◆ **How to complete this task**: Reproduce every line of the data, exactly and without its pictures.
[Exercise data — start]
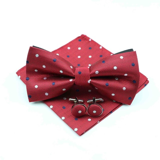 Červený set - motýlek + kapesník + manžetové knoflíčky Puntík
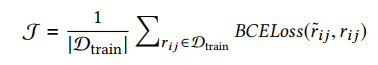 训练数据 Dtrain,例子:(ui,vj,rij,P(ui,vj)),损失函数为:
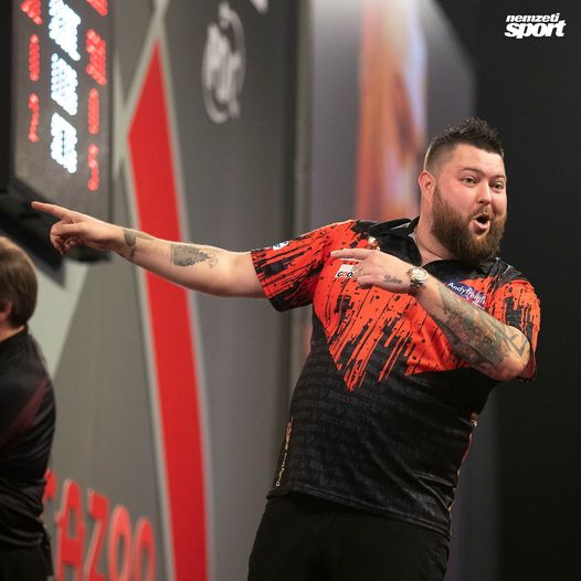 Michael Smith összehozta a kilencnyilast. Michael van Gerwen egy nyílra volt.
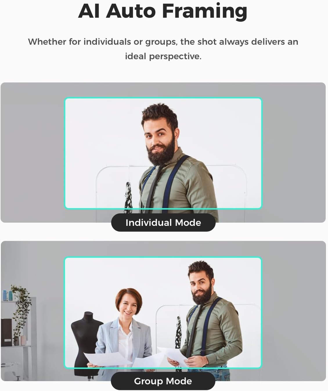 - 【Intelligent AI Framing】Activate our computer camera's group mode and intelligently recognize individuals or groups, optimizing the composition and focus for each frame in real-time. Elevate your group meetings and live streams with ease.
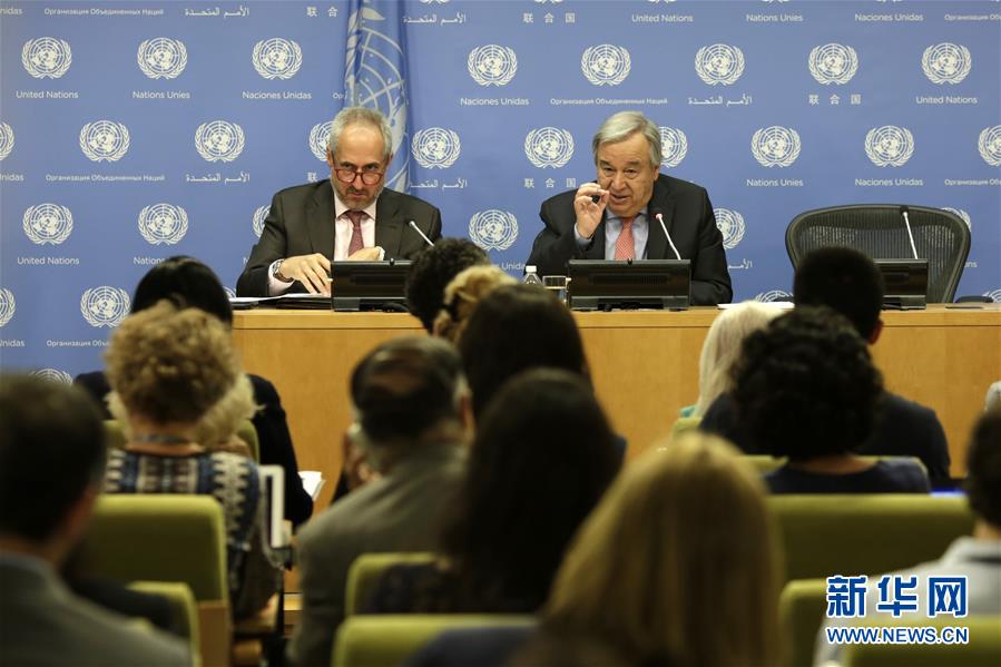 7月12日,在位于紐約的聯合國總部,聯合國秘書長古特雷斯(右)出席記者招待會。聯合國秘書長古特雷斯12日舉行記者招待會,強調多邊主義和基于規則的國際關系對于應對全球挑戰的重要性。新華社記者 李木子 攝
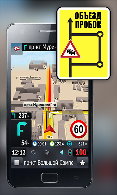 Это многофункциональный gps-навигатор, который отображает трафик на дорогах в режиме реального времени, оповещает об авариях и и т. д. — все это на русском языке.
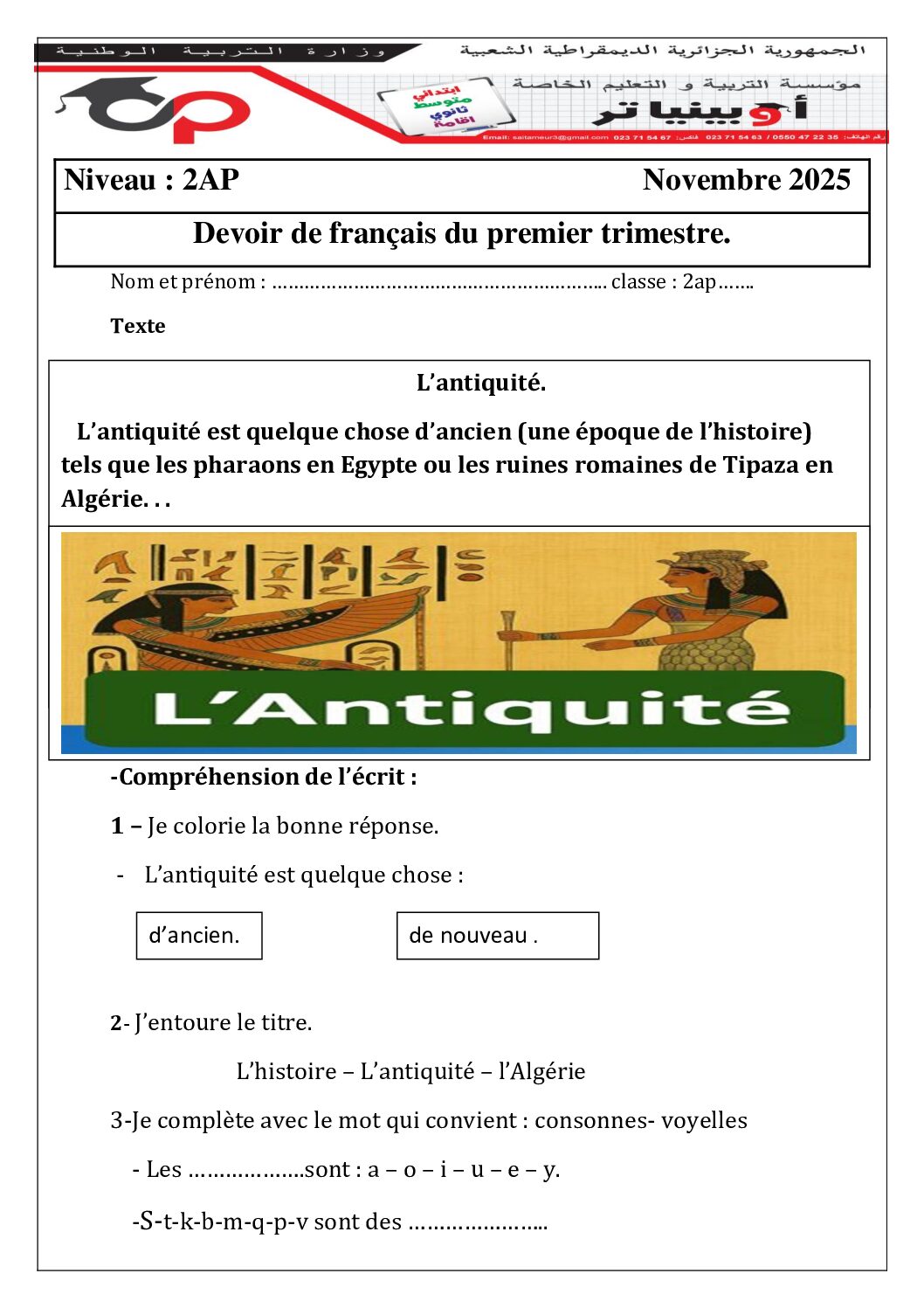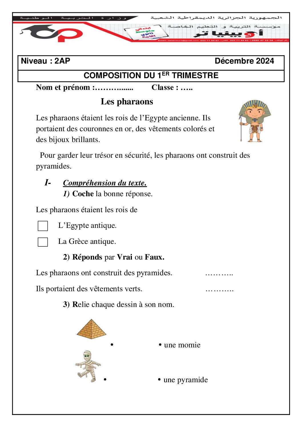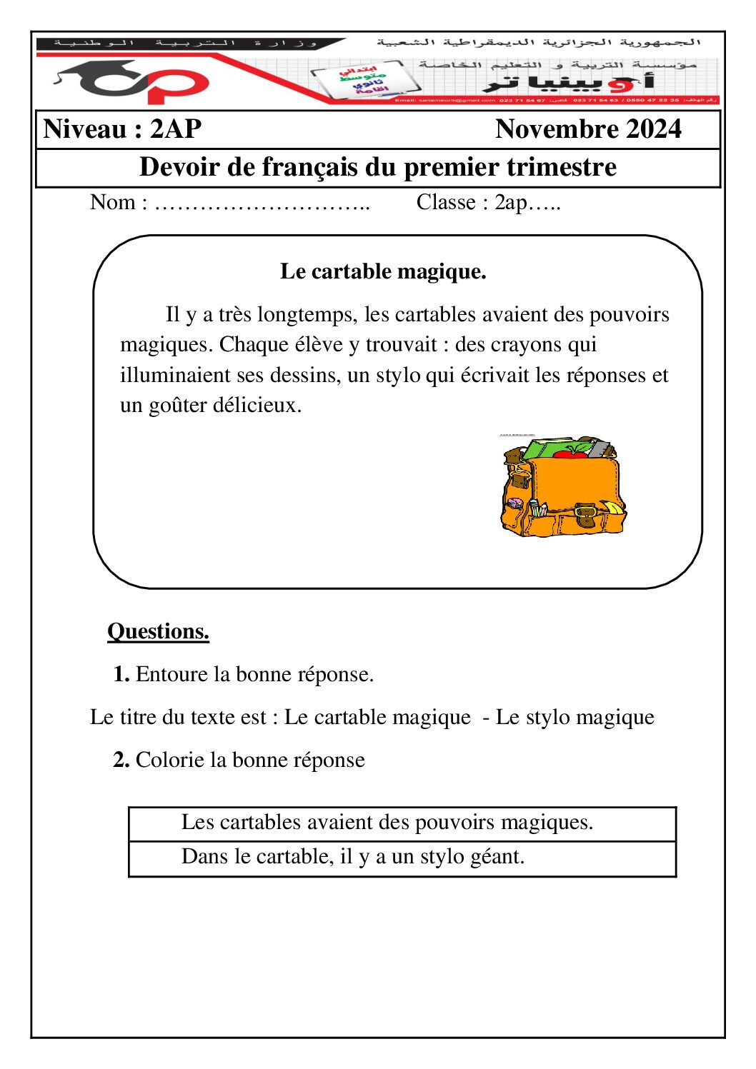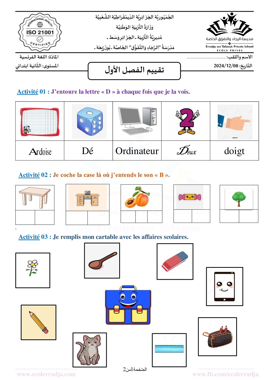 مادة التربية الفرنسية للسنة الثانية ابتدائي : نموذج لإمتحان في الفصل الأول رقم 35- في مادة اللغة الفرنسية مستوى السنة الثانية ابتدائي الجيل الثاني ، السنة الدراسية: 2025/2026 مع التصحيح اللغة الفرنسية السنة الثانية ابتدائي
[Exercise data — finish]
◆ **Finished task**:
 Červený set - motýlek + kapesník + manžetové knoflíčky Puntík
 训练数据 Dtrain,例子:(ui,vj,rij,P(ui,vj)),损失函数为:
 Michael Smith összehozta a kilencnyilast. Michael van Gerwen egy nyílra volt.
 - 【Intelligent AI Framing】Activate our computer camera's group mode and intelligently recognize individuals or groups, optimizing the composition and focus for each frame in real-time. Elevate your group meetings and live streams with ease.
 7月12日,在位于紐約的聯合國總部,聯合國秘書長古特雷斯(右)出席記者招待會。聯合國秘書長古特雷斯12日舉行記者招待會,強調多邊主義和基于規則的國際關系對于應對全球挑戰的重要性。新華社記者 李木子 攝
 Это многофункциональный gps-навигатор, который отображает трафик на дорогах в режиме реального времени, оповещает об авариях и и т. д. — все это на русском языке.
 مادة التربية الفرنسية للسنة الثانية ابتدائي : نموذج لإمتحان في الفصل الأول رقم 35- في مادة اللغة الفرنسية مستوى السنة الثانية ابتدائي الجيل الثاني ، السنة الدراسية: 2025/2026 مع التصحيح اللغة الفرنسية السنة الثانية ابتدائي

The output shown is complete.